- Nick Cooper playing drums with Chris Howard in the background

Background information
- Born: May 27, 1968 (age 57) New York
- Origin: Houston, Texas, United States
- Genres: Funk
- Occupations: Musician, composer, producer
- Instrument: drums
- Website: www.nickcooper.com

= Nick Cooper =

American drummer

Nick Cooper (born May 27, 1968) is an American drummer, record producer and composer best known for his work with Free Radicals. Nick is also an activist with food not bombs, and an editor for Houston Peace News. He is also a documentary filmmaker (on the topic of somatherapy), a workshop facilitator, a student of capoeira angola, and a visual artist.

==Biography==
Cooper was born in New York and grew up in Manhattan. He played in bands in high-school and began political activism at that time with the anti-Apartheid movement. He was an English major at Rice University in Houston, where he joined the band Sprawl.

Sprawl toured the U.S. many times, and released four CDs, breaking up in 1994. Cooper also worked with Rastaman Work Ethic productions in Houston, and produced a compilation CD, Texas Funk (1990), that included Sprawl and other bands.

In 1996, Cooper started Free Radicals. In 2000, Cooper travelled to Los Angeles to cover the protests against the Democratic National Convention.

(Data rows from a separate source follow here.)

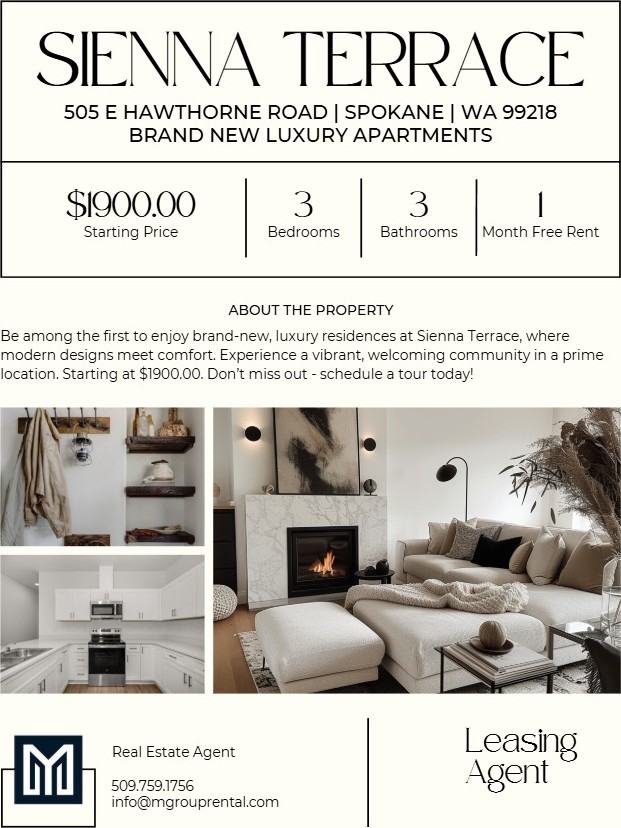 Be among the first to enjoy brand-new, luxury residences at Sienna Terrace, where modern design meets comfort. Experience a vibrant, welcoming community in a prime location near shopping, hiking trails, and peaceful surroundings. Quality Finishes Residence Features o One, two, three-bedroom residences ranging from 793 square feet to 1275 square feet o Keyless Entry o Signature interiors with designer finishes, high-end appliances o GE Stainless Steel Appliances o Natural Quartz Stone Countertops o Real Wood (White) Shaker Cabinets o GE Full-Size Front-Loading Washer & Dryer o Wood Vinyl Plank Style Flooring o Soaring 9' Ceilings o High-Efficiency Split System (Air & Heat) o Many third-floor residences offer vaulted ceilings and include transom windows for increased natural light o Expansive views of the Mount Spokane Mountains o Ground floor residences feature full walk-out patios The Great Outdoors Mount Spokane State Park There are several parks surrounding Sienna Terrace. However, Mount Spokane State Park is located minutes from the apartments. This large park features hiking, mountain biking, skiing, snowshoeing, camping and historic vista house. Enjoy a friendly picnic or bring a frisbee or ball and play outside. Nature Awaits Storage As any outdoor enthusiast knows, wilderness adventures require a lot of gear. While all residences feature large closets, Sienna Terrace also offers additional storage opportunities that are perfect for skis, fly rods, golf clubs, climbing and backpacking equipment, and all of that other FuN stuff you have on hand for making the most of Spokane area recreation. Don't miss your chance to experience elevated living - schedule your private tour today and secure your new home at Sienna Terrace before it's gone. With limited availability, now is the time to explore a tour and envision the lifestyle that awaits you. Move-In Details & Lease Terms * Lease Terms: 9 to 18 months * Move-In Special: Free Rent (Call for details) * Call Today 509.759.1756
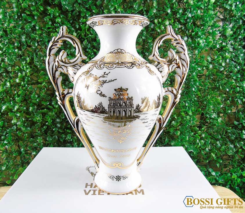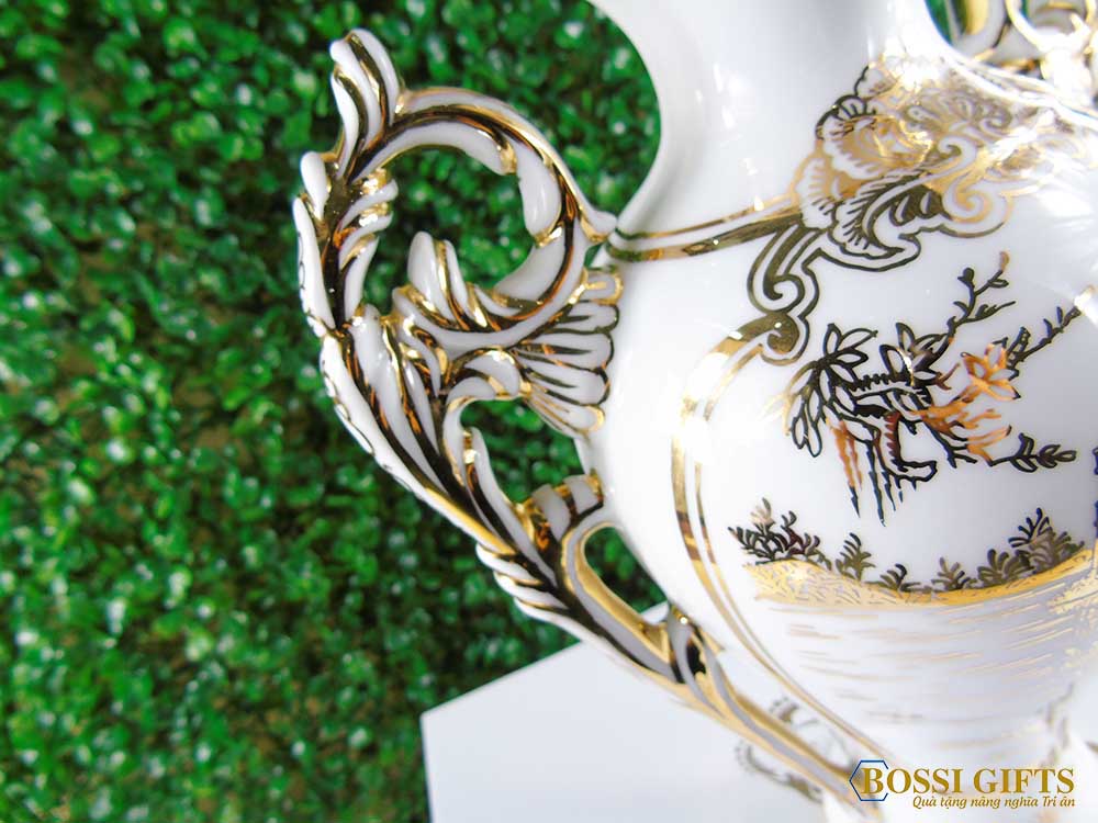 Bình sứ vẽ vàng 24K, có khả năng vừa hút Tài Lộc lại vừa giữ Tài Lộc rất tốt, đem lại nhiều may mắn, thịnh vượng và an khang cho gia chủ.
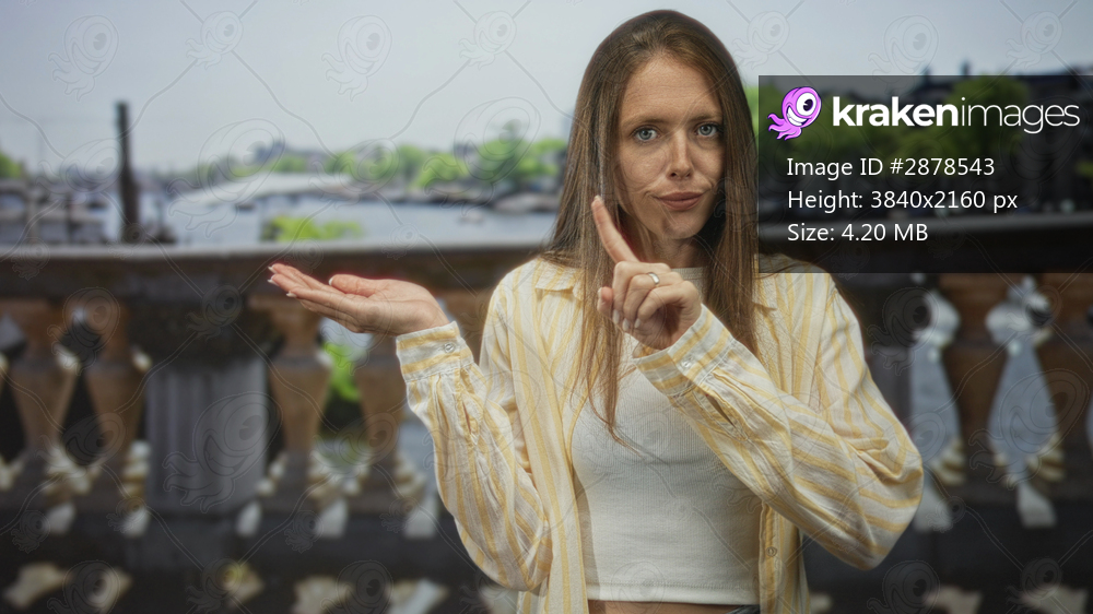 Woman with open palm and index finger raised in a warning gesture, standing on a canal street balcony in amsterdam beside stone balustrade wearing striped shirt and white crop top; playful caution. - Kraken Images

Coming soon after the 1999 protests against the WTO, many activists were converging there as was the new indymedia network.

Upon returning to Houston, Cooper began the Houston branch of indymedia with other local activists, and began travelling to work with other indymedias. In 2003 and 2005, Cooper traveled to Brazil to document somatherapy, with a DVD eventually being released in 2006. In 2004 and 2006, Cooper traveled to Chiapas to study the Zapatista movement and used the information he learned as the basis for a workshop entitled "Nazis vs. Zapatistas, Struggle and Co-optation" which he has facilitated in the United States and Latin America.

In 2010, Cooper produced the compilation CD Klezmer Musicians Against the Wall. In 2022, Cooper co-produced Skye Drynan's debut album, Skye's the Limit.